▸ **Assignment**: The reply should hold every line of the data below, unchanged, and none of the pictures.

▸ **The data**:
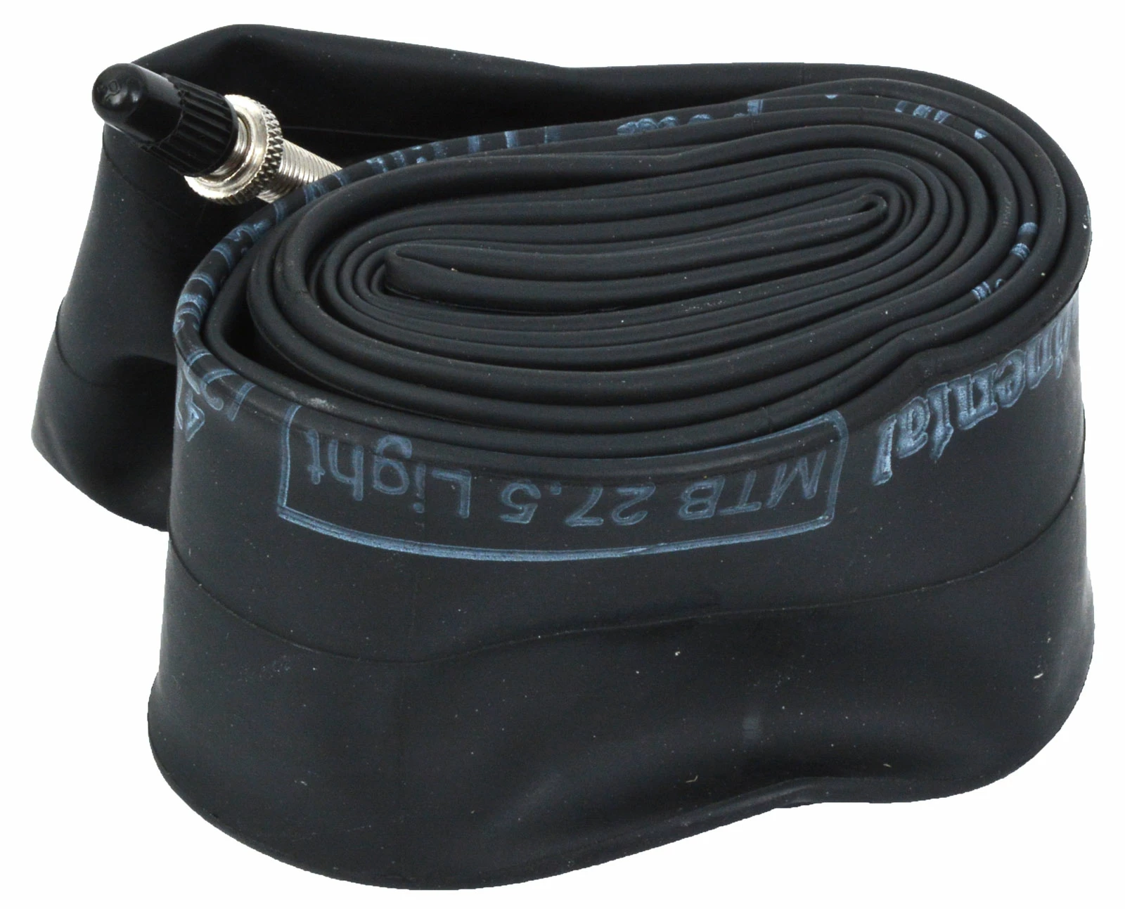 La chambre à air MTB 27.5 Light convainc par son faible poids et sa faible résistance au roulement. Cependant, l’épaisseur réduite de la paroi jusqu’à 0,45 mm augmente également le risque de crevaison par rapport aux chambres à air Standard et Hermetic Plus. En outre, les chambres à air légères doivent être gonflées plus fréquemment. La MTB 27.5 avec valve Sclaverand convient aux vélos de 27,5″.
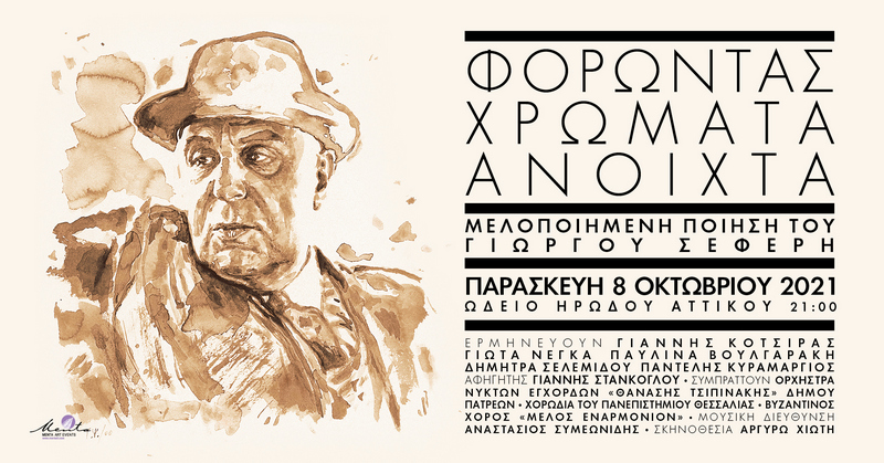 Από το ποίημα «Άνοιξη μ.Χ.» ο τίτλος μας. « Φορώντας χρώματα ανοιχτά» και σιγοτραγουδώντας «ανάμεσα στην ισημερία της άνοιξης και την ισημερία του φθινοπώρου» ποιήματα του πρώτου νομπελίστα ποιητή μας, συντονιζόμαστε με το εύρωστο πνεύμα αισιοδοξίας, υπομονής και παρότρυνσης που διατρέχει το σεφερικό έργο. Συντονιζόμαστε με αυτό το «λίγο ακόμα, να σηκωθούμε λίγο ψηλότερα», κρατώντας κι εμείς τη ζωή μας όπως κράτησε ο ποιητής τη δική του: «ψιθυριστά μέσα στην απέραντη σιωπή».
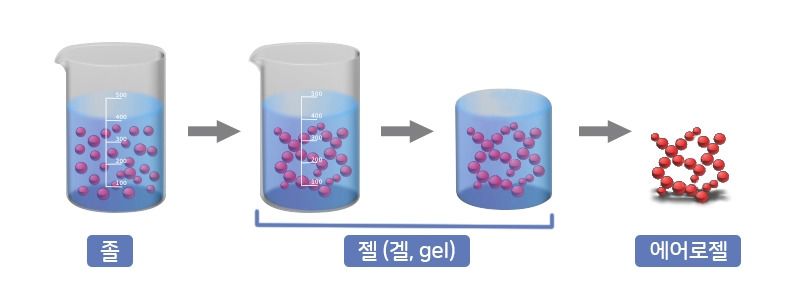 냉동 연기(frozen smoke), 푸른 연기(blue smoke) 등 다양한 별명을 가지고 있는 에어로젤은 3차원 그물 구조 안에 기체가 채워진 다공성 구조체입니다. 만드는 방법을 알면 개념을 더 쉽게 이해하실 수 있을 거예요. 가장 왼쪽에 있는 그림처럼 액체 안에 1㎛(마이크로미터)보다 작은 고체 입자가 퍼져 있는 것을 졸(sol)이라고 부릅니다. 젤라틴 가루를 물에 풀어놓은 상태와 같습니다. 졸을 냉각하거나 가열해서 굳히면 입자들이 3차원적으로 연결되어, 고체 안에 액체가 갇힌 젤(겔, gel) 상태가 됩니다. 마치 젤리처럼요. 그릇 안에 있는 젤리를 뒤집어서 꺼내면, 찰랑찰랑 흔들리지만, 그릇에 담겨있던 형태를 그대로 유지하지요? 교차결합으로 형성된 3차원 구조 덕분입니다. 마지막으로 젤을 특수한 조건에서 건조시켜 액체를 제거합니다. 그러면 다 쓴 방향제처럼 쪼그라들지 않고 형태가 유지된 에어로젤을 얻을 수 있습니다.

▸ **Result below**:
 La chambre à air MTB 27.5 Light convainc par son faible poids et sa faible résistance au roulement. Cependant, l’épaisseur réduite de la paroi jusqu’à 0,45 mm augmente également le risque de crevaison par rapport aux chambres à air Standard et Hermetic Plus. En outre, les chambres à air légères doivent être gonflées plus fréquemment. La MTB 27.5 avec valve Sclaverand convient aux vélos de 27,5″.
 Από το ποίημα «Άνοιξη μ.Χ.» ο τίτλος μας. « Φορώντας χρώματα ανοιχτά» και σιγοτραγουδώντας «ανάμεσα στην ισημερία της άνοιξης και την ισημερία του φθινοπώρου» ποιήματα του πρώτου νομπελίστα ποιητή μας, συντονιζόμαστε με το εύρωστο πνεύμα αισιοδοξίας, υπομονής και παρότρυνσης που διατρέχει το σεφερικό έργο. Συντονιζόμαστε με αυτό το «λίγο ακόμα, να σηκωθούμε λίγο ψηλότερα», κρατώντας κι εμείς τη ζωή μας όπως κράτησε ο ποιητής τη δική του: «ψιθυριστά μέσα στην απέραντη σιωπή».
 냉동 연기(frozen smoke), 푸른 연기(blue smoke) 등 다양한 별명을 가지고 있는 에어로젤은 3차원 그물 구조 안에 기체가 채워진 다공성 구조체입니다. 만드는 방법을 알면 개념을 더 쉽게 이해하실 수 있을 거예요. 가장 왼쪽에 있는 그림처럼 액체 안에 1㎛(마이크로미터)보다 작은 고체 입자가 퍼져 있는 것을 졸(sol)이라고 부릅니다. 젤라틴 가루를 물에 풀어놓은 상태와 같습니다. 졸을 냉각하거나 가열해서 굳히면 입자들이 3차원적으로 연결되어, 고체 안에 액체가 갇힌 젤(겔, gel) 상태가 됩니다. 마치 젤리처럼요. 그릇 안에 있는 젤리를 뒤집어서 꺼내면, 찰랑찰랑 흔들리지만, 그릇에 담겨있던 형태를 그대로 유지하지요? 교차결합으로 형성된 3차원 구조 덕분입니다. 마지막으로 젤을 특수한 조건에서 건조시켜 액체를 제거합니다. 그러면 다 쓴 방향제처럼 쪼그라들지 않고 형태가 유지된 에어로젤을 얻을 수 있습니다.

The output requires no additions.